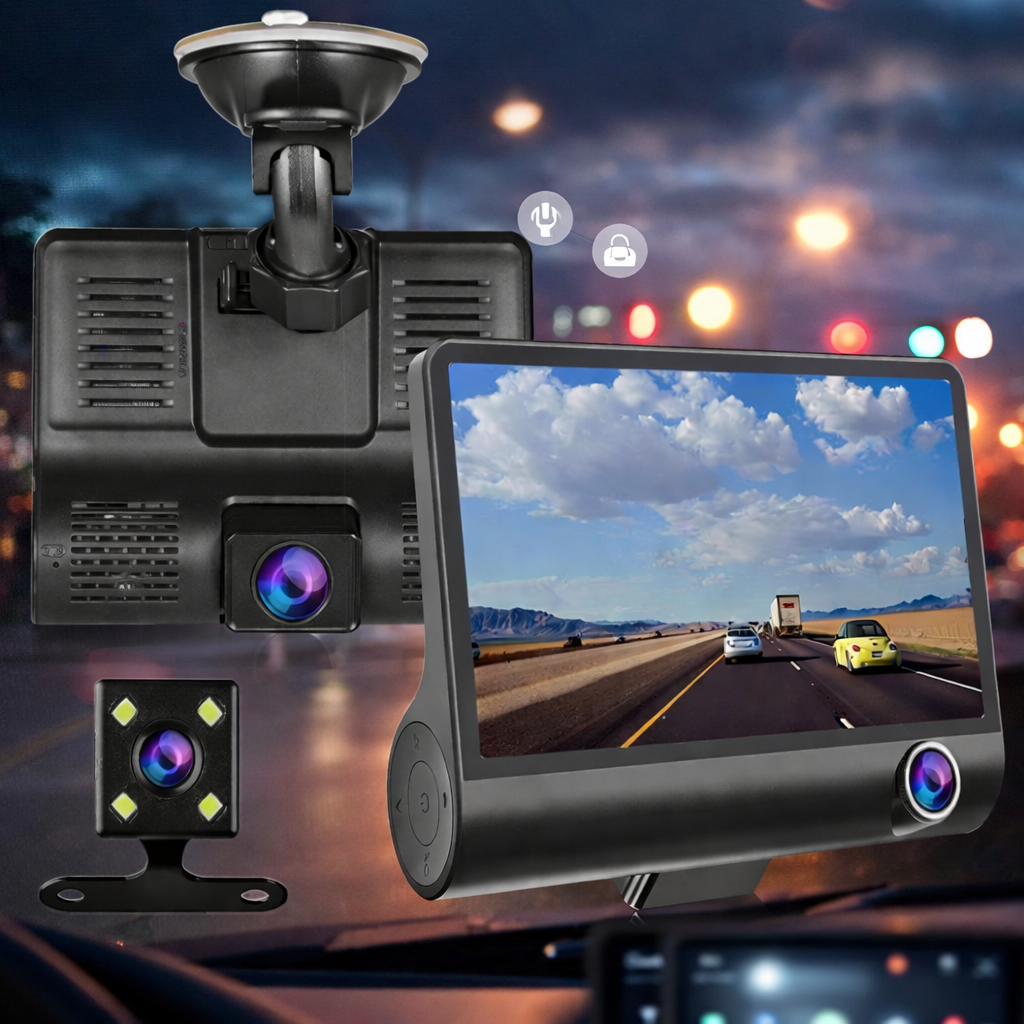 Rögzítsen minden fontos pillanatot vezetés közben ezzel a 3 kamerás autós eseményrögzítő rendszerrel, amely elöl, belül és hátul is figyeli a jármű környezetét. A Full HD 1080P felbontás, az éjszakai HDR mód és a parkoló funkció gondoskodik arról, hogy minden helyzetben tiszta és részletgazdag felvételek készüljenek.
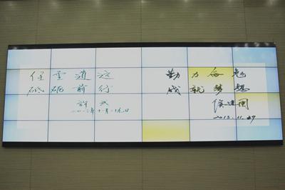 本片于2013年11月30日晚在西区三教3117教室举行首映式,近400名师生到场观看。校党委书记许武、原校长侯建国特别为《牛转乾坤》首映式题词——“任重道远,砥砺前行”、“勤力奋勉,成就梦想”,表达了对中国科大孺子牛文化的深刻理解,和对同学们的殷切希望与谆谆勉励。
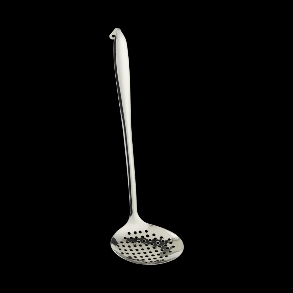 Hulske i stål som gør det let at skimme uønskede emner fra eksempelvis suppe.
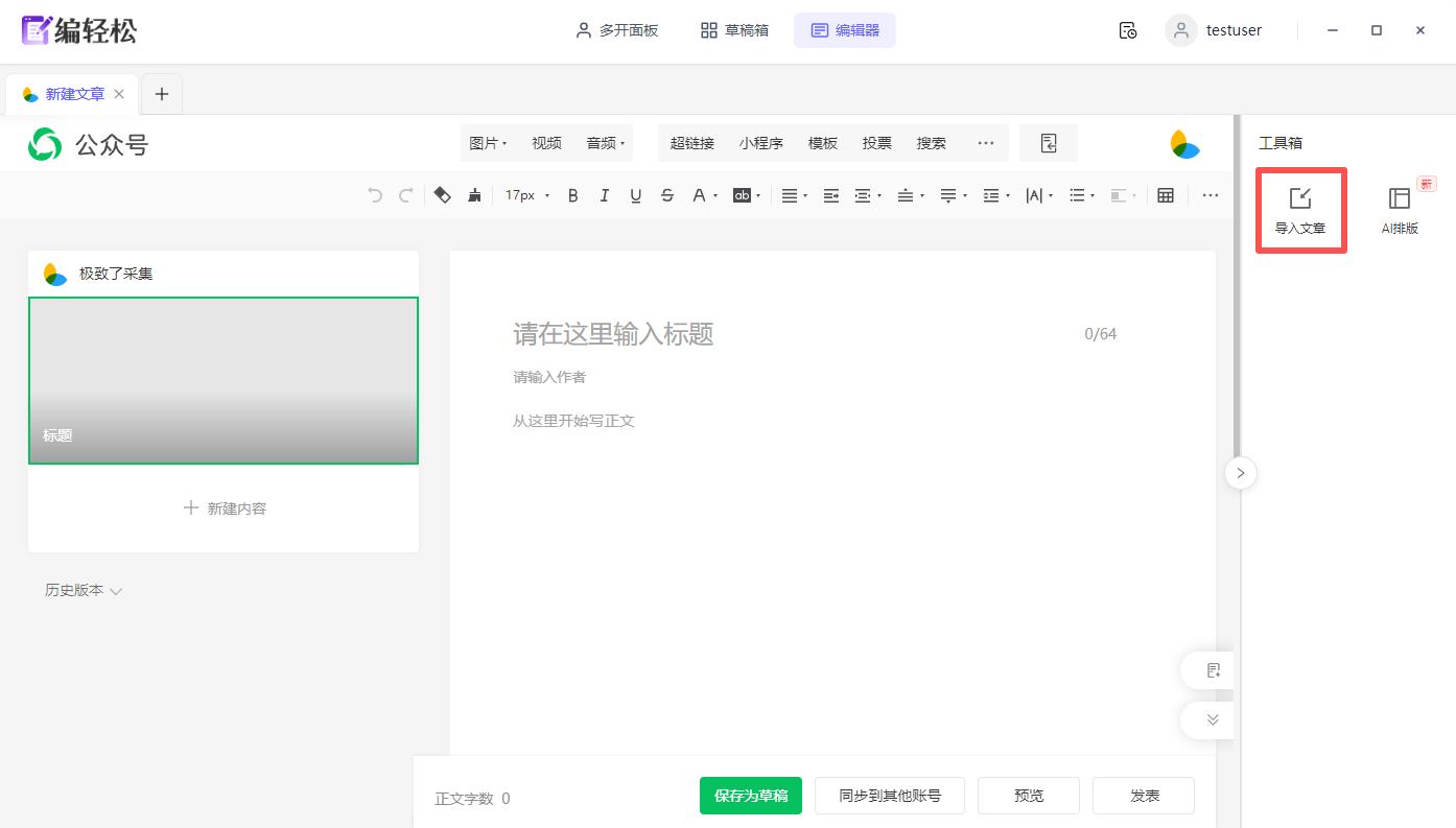 - 使用公众号官方编辑器编辑内容(或使用右侧工具箱导入文章)
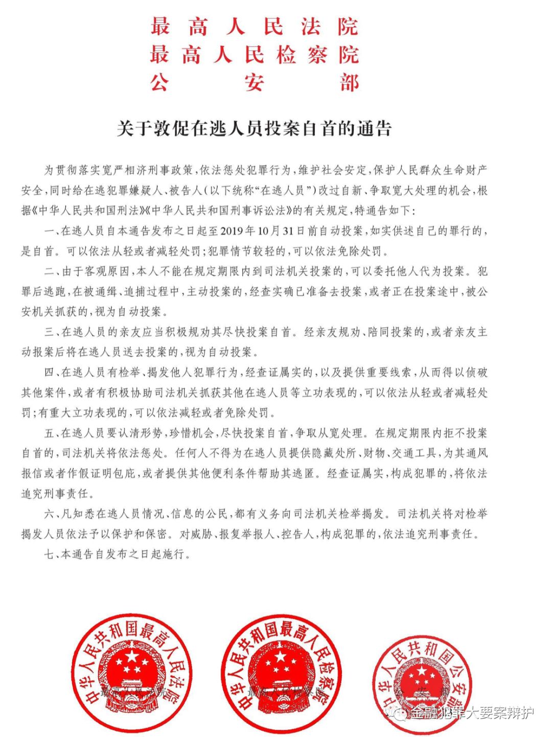 注:七十周年大庆在即,最高法、最高检、公安部在今年七月就发布了敦促在逃人员归案的通告。本文亦受此启发而作,衷心祝愿更多人,不再受负罪逃之苦,从容走出生天。
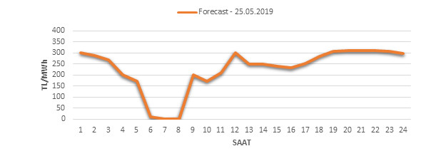 Yarından sonraki gün için oluşacak ortalama piyasa takas fiyatı 228.65 TL/MWH olarak tahmin edilmektedir. Buna bağlı olarak günün maksimum fiyatı 311.03 TL/MWh olarak 21:00 – 22:00 saat aralığında, minimum fiyatı 1.01 TL/MWh olarak 06:00 – 07:00 saat aralığında gerçekleşeceği öngörülmektedir. Puant saatlerde (17:00 – 22:00) tahmini ortalama piyasa takas fiyatı ise 305.3 TL/MWh olarak hesaplanabilmektedir. Saatlik oluşacak piyasa takas fiyatı tahminleri aşağıdaki grafikte yer almaktadır.
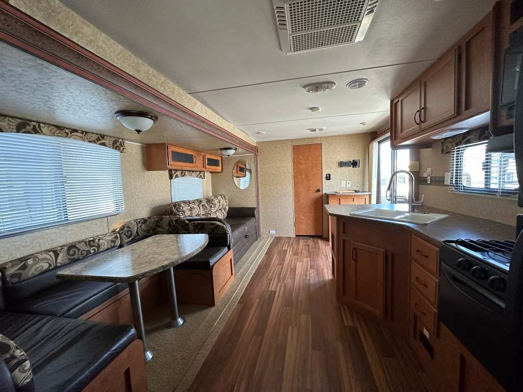 Gulf Stream Conquest 36FRSG 2014La Conquest 36FRSG 2014 est une roulotte bien aménagée, offrant un espace de vie généreux et confortable pour les séjours prolongés. Son intérieur pensé pour le confort comprend une cuisine fonctionnelle, un salon convivial et une chambre arrière bien séparée pour plus d’intimité. Grâce à ses espaces de rangement pratiques et sa disposition logique, cette roulotte est idéale pour les familles ou les aventuriers qui veulent plus d’espace sans sacrifier la facilité d’utilisation. ?? Super rabais offert – une occasion exceptionnelle à ne pas manquer. Dimensions et poids Profitez d’un espace généreux avec une longueur de 39,6 pieds et un poids de 8 127 lb, parfait pour une installation stable et durable. Capacités de réservoirs Réservoirs d’eaux usées (grises et noires) offrant une capacité totale de 74 gallons, pour plus d’autonomie et de tranquillité. Cuisine fonctionnelle et conviviale Préparez vos repas comme à la maison grâce à une cuisine bien équipée : Banquette en U idéale pour les repas en famille Poêle avec four intégré Réfrigérateur spacieux Hotte, micro-ondes et évier double Divan-lit pour accueillir facilement des invités Chambre confortable Reposez-vous dans une chambre douillette avec lit double et nombreux rangements intégrés, parfaits pour un séjour prolongé. Salle de bain complète Profitez d’une salle de bain tout confort, équipée d’une douche, d’un lavabo et d’une armoire à pharmacie. *** Prendre note que les photos et les options décrites peuvent différées *** Toute l'équipe de Centre du VR est fière de vous présenter le plus vaste inventaire de véhicules récréatifs neufs et d'occasions à vendre au Québec. Vous y trouverez notamment les marques Columbus, Rockwood, Impression, Kodiak, Coleman, Cruiser RV, Flagstaff, E-Pro, Springdale, Sunset Trail, Cougar, Chaparral, Bontrager Outdoors, motorisés Axis, Hurricane, Outlaw, Coachmen Cross Trail, Prism, Echelon, Fleetwood, Four winds, Compass, Beyond, Nova et Pixel. Remorques N&N, Apogée et Armorteck sont aussi disponibles. En inventaire pour vous, la série de génératrices Ducar. Vous avez un coup de coeur ? Envoyez-nous une demande d'information. Financement sur place. N'oubliez pas également que rien ne vaut une visite du modèle qui vous intéresse pour vous aider à prendre une décision éclairée. Passez donc nous voir afin de jeter un coup d'oeil plus détaillé à nos caravanes et caravanes à sellettes neuves.
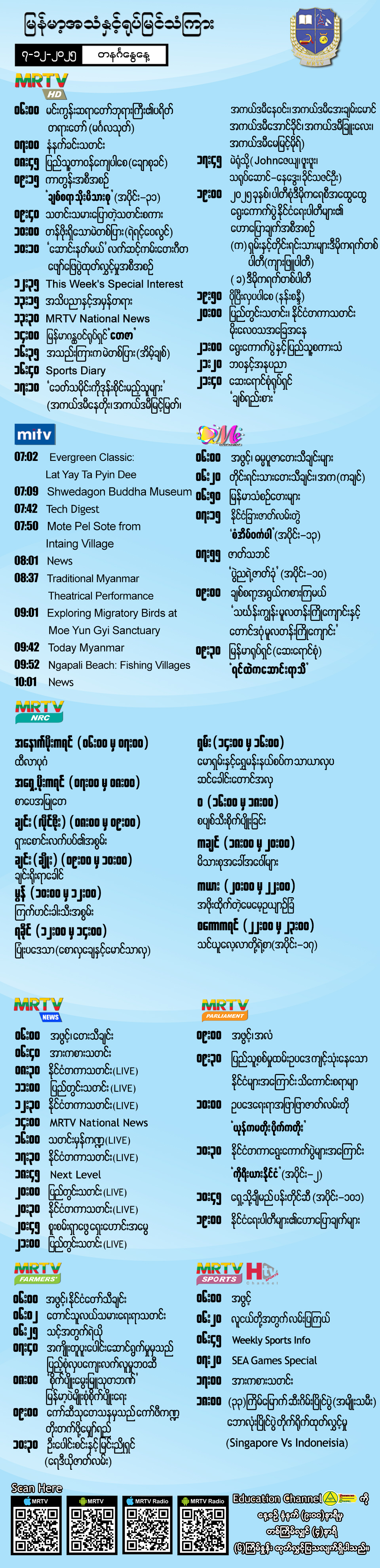 ၇-၁၂-၂၀၂၅ ရက်နေ့တွင် ထုတ်လွှင့်ပြသမည့် အစီအစဉ်များ

- REQUIREMENT
Please quote exactly the run of lines that starts the entries and ends at the line containing "Yarından sonraki gün", leaving out every picture.

- SOLUTION FOR THIS PROBLEM
 Rögzítsen minden fontos pillanatot vezetés közben ezzel a 3 kamerás autós eseményrögzítő rendszerrel, amely elöl, belül és hátul is figyeli a jármű környezetét. A Full HD 1080P felbontás, az éjszakai HDR mód és a parkoló funkció gondoskodik arról, hogy minden helyzetben tiszta és részletgazdag felvételek készüljenek.
 本片于2013年11月30日晚在西区三教3117教室举行首映式,近400名师生到场观看。校党委书记许武、原校长侯建国特别为《牛转乾坤》首映式题词——“任重道远,砥砺前行”、“勤力奋勉,成就梦想”,表达了对中国科大孺子牛文化的深刻理解,和对同学们的殷切希望与谆谆勉励。
 Hulske i stål som gør det let at skimme uønskede emner fra eksempelvis suppe.
 - 使用公众号官方编辑器编辑内容(或使用右侧工具箱导入文章)
 注:七十周年大庆在即,最高法、最高检、公安部在今年七月就发布了敦促在逃人员归案的通告。本文亦受此启发而作,衷心祝愿更多人,不再受负罪逃之苦,从容走出生天。
 Yarından sonraki gün için oluşacak ortalama piyasa takas fiyatı 228.65 TL/MWH olarak tahmin edilmektedir. Buna bağlı olarak günün maksimum fiyatı 311.03 TL/MWh olarak 21:00 – 22:00 saat aralığında, minimum fiyatı 1.01 TL/MWh olarak 06:00 – 07:00 saat aralığında gerçekleşeceği öngörülmektedir. Puant saatlerde (17:00 – 22:00) tahmini ortalama piyasa takas fiyatı ise 305.3 TL/MWh olarak hesaplanabilmektedir. Saatlik oluşacak piyasa takas fiyatı tahminleri aşağıdaki grafikte yer almaktadır.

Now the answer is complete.